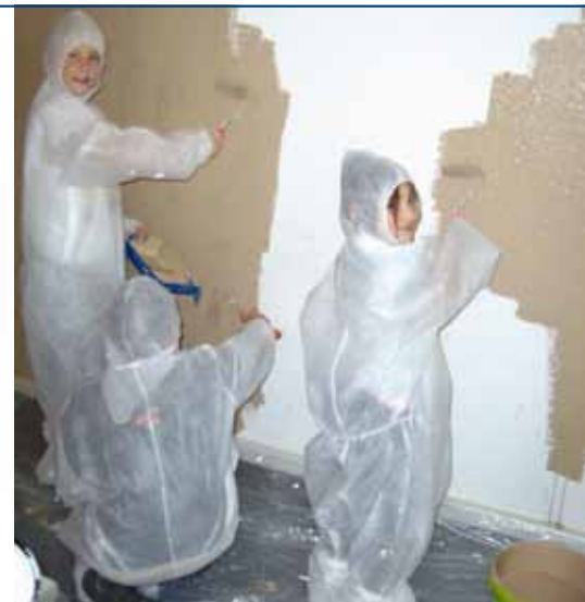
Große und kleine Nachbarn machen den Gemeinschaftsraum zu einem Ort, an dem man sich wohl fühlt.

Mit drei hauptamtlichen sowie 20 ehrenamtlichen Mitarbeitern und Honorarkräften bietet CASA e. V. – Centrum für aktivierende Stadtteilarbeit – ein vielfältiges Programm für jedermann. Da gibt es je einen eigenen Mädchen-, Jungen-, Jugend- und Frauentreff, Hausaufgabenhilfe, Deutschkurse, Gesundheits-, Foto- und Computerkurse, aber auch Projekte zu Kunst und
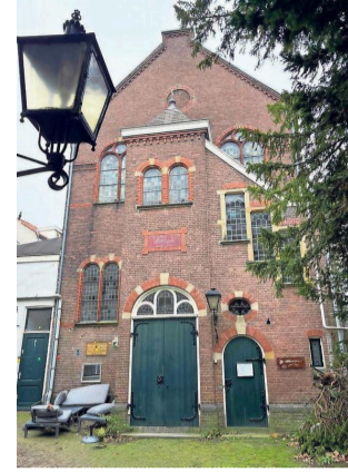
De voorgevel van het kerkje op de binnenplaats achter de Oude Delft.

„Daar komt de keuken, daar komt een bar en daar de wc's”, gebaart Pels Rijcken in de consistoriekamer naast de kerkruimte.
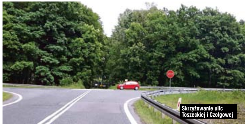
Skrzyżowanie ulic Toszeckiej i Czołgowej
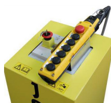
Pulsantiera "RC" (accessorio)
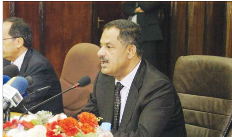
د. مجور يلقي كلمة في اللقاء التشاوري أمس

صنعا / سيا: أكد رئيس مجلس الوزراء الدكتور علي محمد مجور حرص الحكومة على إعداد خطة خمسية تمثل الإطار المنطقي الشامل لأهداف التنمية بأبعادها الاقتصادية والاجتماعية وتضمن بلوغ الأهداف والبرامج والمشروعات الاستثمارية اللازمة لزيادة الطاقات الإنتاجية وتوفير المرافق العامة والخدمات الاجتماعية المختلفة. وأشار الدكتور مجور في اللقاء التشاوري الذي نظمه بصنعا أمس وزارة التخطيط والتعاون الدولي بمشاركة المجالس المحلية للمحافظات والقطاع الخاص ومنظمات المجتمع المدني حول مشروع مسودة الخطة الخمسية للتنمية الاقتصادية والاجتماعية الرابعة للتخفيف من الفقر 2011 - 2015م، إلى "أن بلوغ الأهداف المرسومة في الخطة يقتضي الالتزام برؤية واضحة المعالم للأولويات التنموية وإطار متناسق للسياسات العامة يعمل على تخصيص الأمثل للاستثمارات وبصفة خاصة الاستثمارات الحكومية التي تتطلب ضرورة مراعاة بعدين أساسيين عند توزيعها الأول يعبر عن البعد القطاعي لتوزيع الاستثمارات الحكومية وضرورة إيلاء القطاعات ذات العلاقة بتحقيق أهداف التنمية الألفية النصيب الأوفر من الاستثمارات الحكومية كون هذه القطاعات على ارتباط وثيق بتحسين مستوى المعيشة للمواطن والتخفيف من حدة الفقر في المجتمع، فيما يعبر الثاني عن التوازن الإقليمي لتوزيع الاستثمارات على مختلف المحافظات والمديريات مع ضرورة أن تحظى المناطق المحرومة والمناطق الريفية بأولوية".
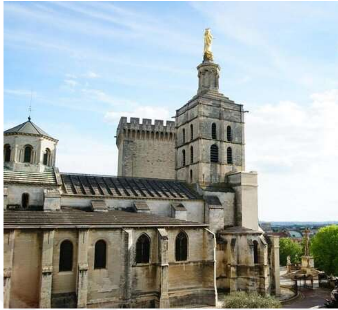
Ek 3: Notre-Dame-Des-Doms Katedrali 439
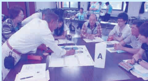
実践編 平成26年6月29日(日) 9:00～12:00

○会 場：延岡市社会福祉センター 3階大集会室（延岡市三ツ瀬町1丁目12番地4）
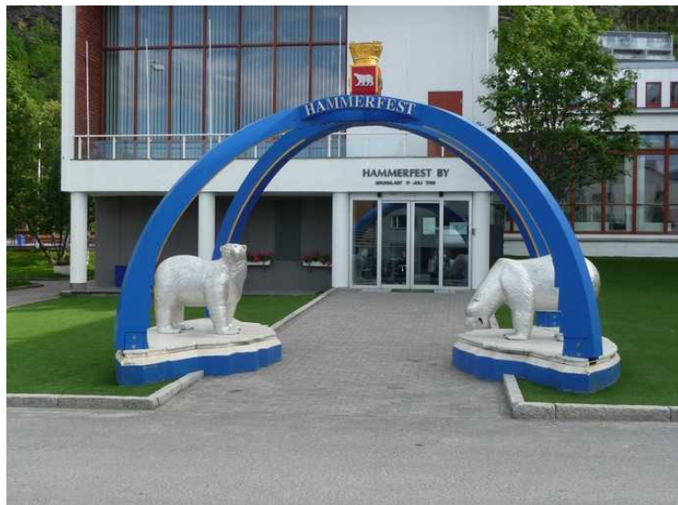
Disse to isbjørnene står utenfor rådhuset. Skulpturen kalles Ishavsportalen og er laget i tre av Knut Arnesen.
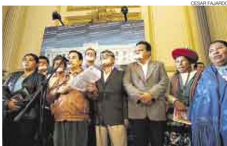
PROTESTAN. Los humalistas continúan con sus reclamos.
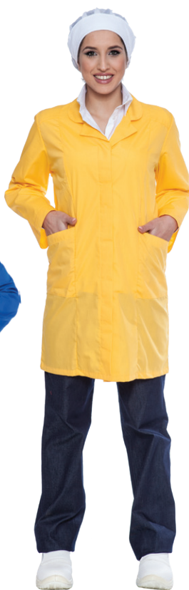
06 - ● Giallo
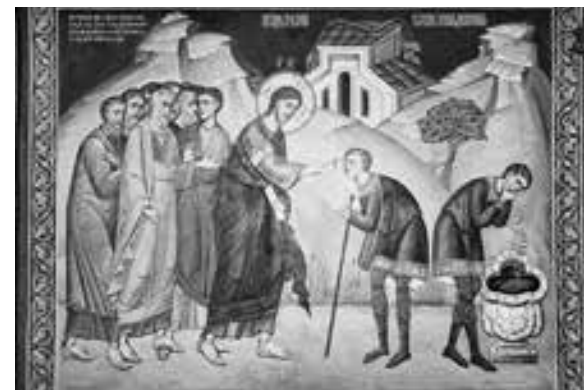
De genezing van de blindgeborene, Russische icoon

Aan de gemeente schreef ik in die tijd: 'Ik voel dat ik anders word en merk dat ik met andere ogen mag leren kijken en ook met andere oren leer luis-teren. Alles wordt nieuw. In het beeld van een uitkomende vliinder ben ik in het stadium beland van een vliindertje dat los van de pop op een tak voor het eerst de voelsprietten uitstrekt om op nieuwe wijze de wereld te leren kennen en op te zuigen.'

• • • •

Everything between and including the line above containing "Disse to isbjørnene" and the line containing "De genezing van" should be reproduced exactly, with pictures excluded.

COMPLETED TASK
Disse to isbjørnene står utenfor rådhuset. Skulpturen kalles Ishavsportalen og er laget i tre av Knut Arnesen.
PROTESTAN. Los humalistas continúan con sus reclamos.
06 - ● Giallo
De genezing van de blindgeborene, Russische icoon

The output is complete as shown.